Rodent Species Distribution and Hantavirus Seroprevalence in Residential and Forested areas of Sarawak, Malaysia

Nur Elfieyra Syazana Hamdan 1, Yee Ling Ng 1, Wei Bin Lee 1, Cheng Siang Tan 2, Faisal Ali Anwarali Khan 1, Yee Ling Chong 1,*
PMCID: PMC5300011  PMID: 28228923

Abstract

Rodents belong to the order Rodentia, which consists of three families in Borneo (i.e., Muridae, Sciuridae and Hystricidae). These include rats, mice, squirrels, and porcupines. They are widespread throughout the world and considered pests that harm humans and livestock. Some rodent species are natural reservoirs of hantaviruses (Family: Bunyaviridae) that can cause zoonotic diseases in humans. Although hantavirus seropositive human sera were reported in Peninsular Malaysia in the early 1980s, information on their infection in rodent species in Malaysia is still lacking. The rodent populations in residential and forested areas in Sarawak were sampled. A total of 108 individuals from 15 species of rodents were collected in residential (n = 44) and forested ( n = 64) areas. The species diversity of rodents in forested areas was significantly higher (H = 2.2342) compared to rodents in residential areas (H = 0.64715) (p < 0.001 of Zar-t test based on the Shannon index). Rattus rattus and Sundamys muelleri were present at high frequencies in both localities. An enzyme-linked immunosorbent assay (ELISA) showed that hantavirus-targeting antibodies were absent from 53 tested serum samples. This is the first report of hantavirus seroprevalence surveillance in rodent populations in Sarawak, East Malaysia. The results suggested that hantavirus was not circulating in the studied rodent populations in Sarawak, or it was otherwise at a low prevalence that is below the detection threshold. It is important to remain vigilant because of the zoonotic potential of this virus and its severe disease outcome. Further studies, such as molecular detection of viral genetic materials, are needed to fully assess the risk of hantavirus infection in rodents and humans in this region of Malaysia.

Keywords: ELISA, Hantavirus, Non-volant Small Mammals, Rodents, Seroprevalence

Rodents are gnawing-type, non-volant, small mammals with two pairs of continuously growing incisors.
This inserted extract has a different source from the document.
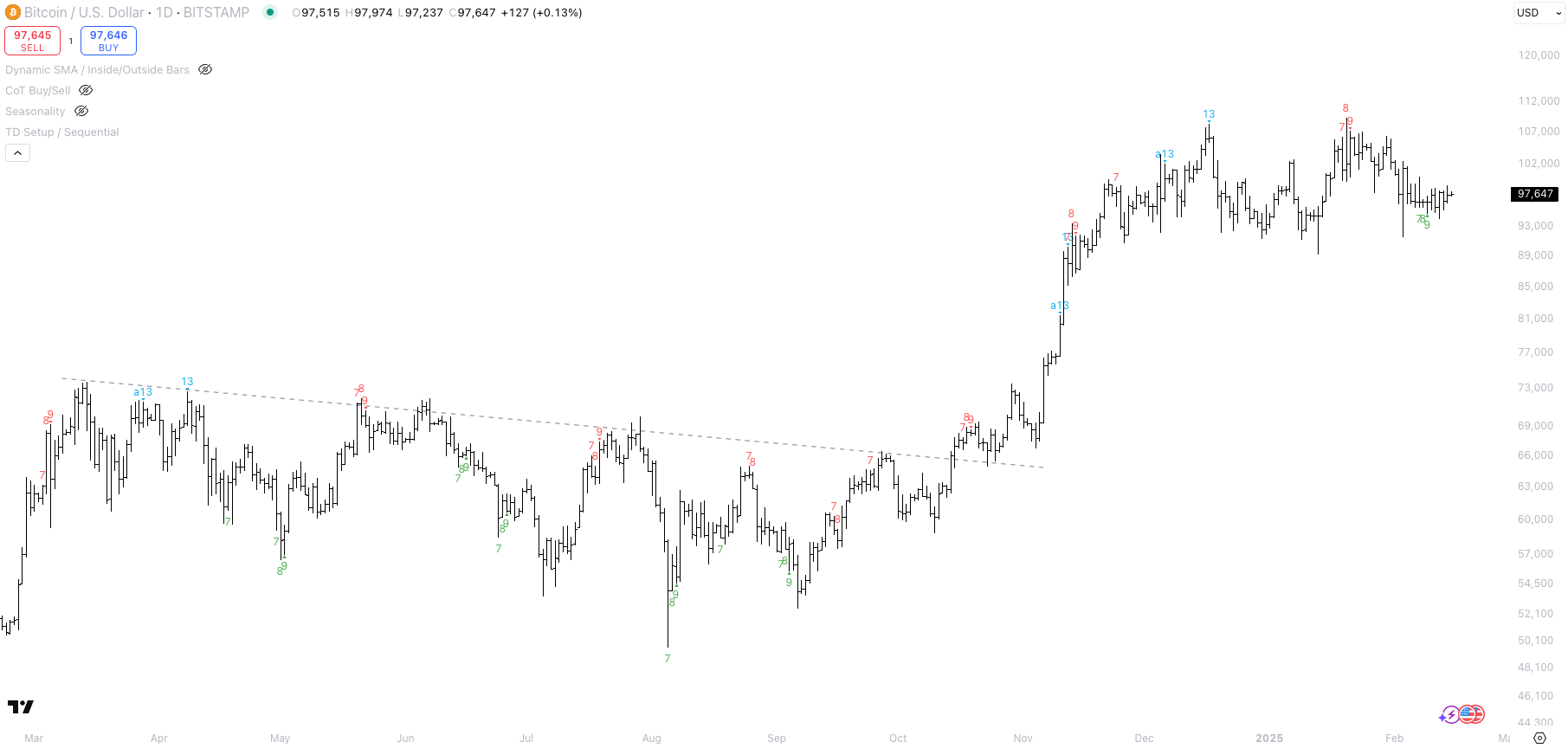 The bull case for the U.S. dollar was also driven by tariffs, but Trump has repeatedly delayed them—most recently, reciprocal tariffs were postponed until April 1st. To summarize: 1) The market remains long U.S. dollars, 2) Economic data is no longer surprising to the upside, 3) Tariffs have been delayed, 4) The Fed is unlikely to hike, with rate cuts largely priced out, and 5) U.S. equities have underperformed international markets year-to-date.
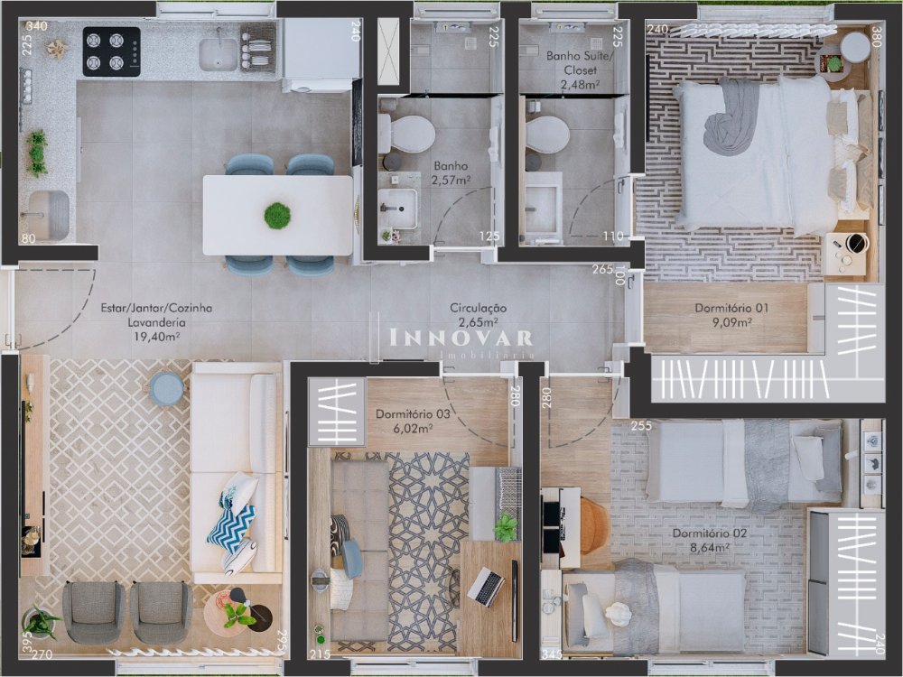 Ótimos Apartamentos de 3 dormitórios em condomínio fechado, infraestrutura, excelente localização acesso fácil a Guia Lopes e uma vista incrível.

In Borneo, the order Rodentia forms 27.5% of the mammalian fauna that belong to 61 species in three families (i.e., Muridae, Sciuridae and Hystricidae) (Yasuma & Andau 1999; Payne & Francis 2007). Most rodents have many ecological variations, such as being nocturnal, diurnal and arboreal. Hantaviruses are single-stranded, enveloped, negative sense RNA viruses of the Bunyaviridae family (Elliott et al. 1991; Plyusnin et al. 1996). Haemorrhagic fever with renal syndrome (HFRS) and hantavirus pulmonary syndrome (HPS) are two types of rodent-borne zoonotic diseases in humans that are caused by hantaviruses (Bi et al. 2008). There are more than 80 known hantavirus reservoir host species. These include 51 rodent species, seven bat species from the order Chiroptera, and 20 shrew and mole species from the order Soricomorpha (de Oliveira et al. 2014). According to Kallio-Kokko et al. (2006), the most prevalent natural reservoir hosts for hantaviruses belong to four rodent genera (i.e., Apodemus, Rattus, Clethrionomys and Peromyscus). The transmission of hantaviruses to humans occurs through bites from infected animals or the inhalation of aerosolized contaminated excreta, such as urine and faeces (Calisher et al. 2006; Yusof et al. 2010; Lin et al. 2012). In West Malaysia, hantavirus seropositive rodents were previously recorded in several states, including Kelantan (n=4; 9.09%), Port Klang (n=14; 15.91%), and Penang and Perlis (n=17; 6.7%) (Lim et al. 1985; Lam et al. 2001). However, the seroprevalence and infection of hantavirus in rodent and human populations of East Malaysia are still largely unknown. There were also several reported cases of rodents infected with hantavirus in neighbouring countries [i.e., China (Lin et al. 2012; Wang et al. 2000), South Korea (Lim et al. 2012), Singapore (Wong et al. 1985,1988; Johannson et al. 2010), Indonesia (Plyusnina et al. 2009; Ibrahim et al. 2013), Thailand, Cambodia and Lao PDR (Nitatpattana et al. 2000; Reynes et al. 2003; Blasdell et al. 2011, 2016)], which suggested that there was a possibility for the circulation of hantavirus in the rodent populations in East Malaysia.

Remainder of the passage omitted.